* **TO DO**
Nothing outside the stretch is wanted. Repeat exactly the lines of the listing below from the one that contains "H20309864 Hetian Jade" through the one that contains "2022年1月11日,在深圳", both ends included.
+++ INFORMATION GIVEN
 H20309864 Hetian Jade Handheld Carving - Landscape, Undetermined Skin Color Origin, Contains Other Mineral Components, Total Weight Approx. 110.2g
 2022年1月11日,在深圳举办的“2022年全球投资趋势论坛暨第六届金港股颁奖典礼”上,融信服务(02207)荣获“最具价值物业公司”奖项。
++++++
+++ INFORMATION GIVEN
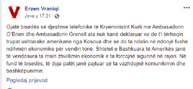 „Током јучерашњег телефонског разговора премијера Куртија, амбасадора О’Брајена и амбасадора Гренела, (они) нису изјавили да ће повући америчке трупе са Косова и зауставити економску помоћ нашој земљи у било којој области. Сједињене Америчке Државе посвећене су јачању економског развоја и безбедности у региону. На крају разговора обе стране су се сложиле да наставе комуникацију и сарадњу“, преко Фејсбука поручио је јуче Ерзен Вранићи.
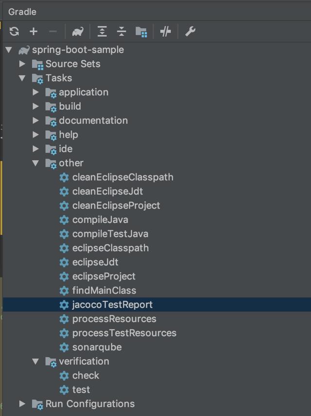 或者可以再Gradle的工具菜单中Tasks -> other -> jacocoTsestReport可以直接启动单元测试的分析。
++++++
* **TASK ANSWER**
 H20309864 Hetian Jade Handheld Carving - Landscape, Undetermined Skin Color Origin, Contains Other Mineral Components, Total Weight Approx. 110.2g
 2022年1月11日,在深圳举办的“2022年全球投资趋势论坛暨第六届金港股颁奖典礼”上,融信服务(02207)荣获“最具价值物业公司”奖项。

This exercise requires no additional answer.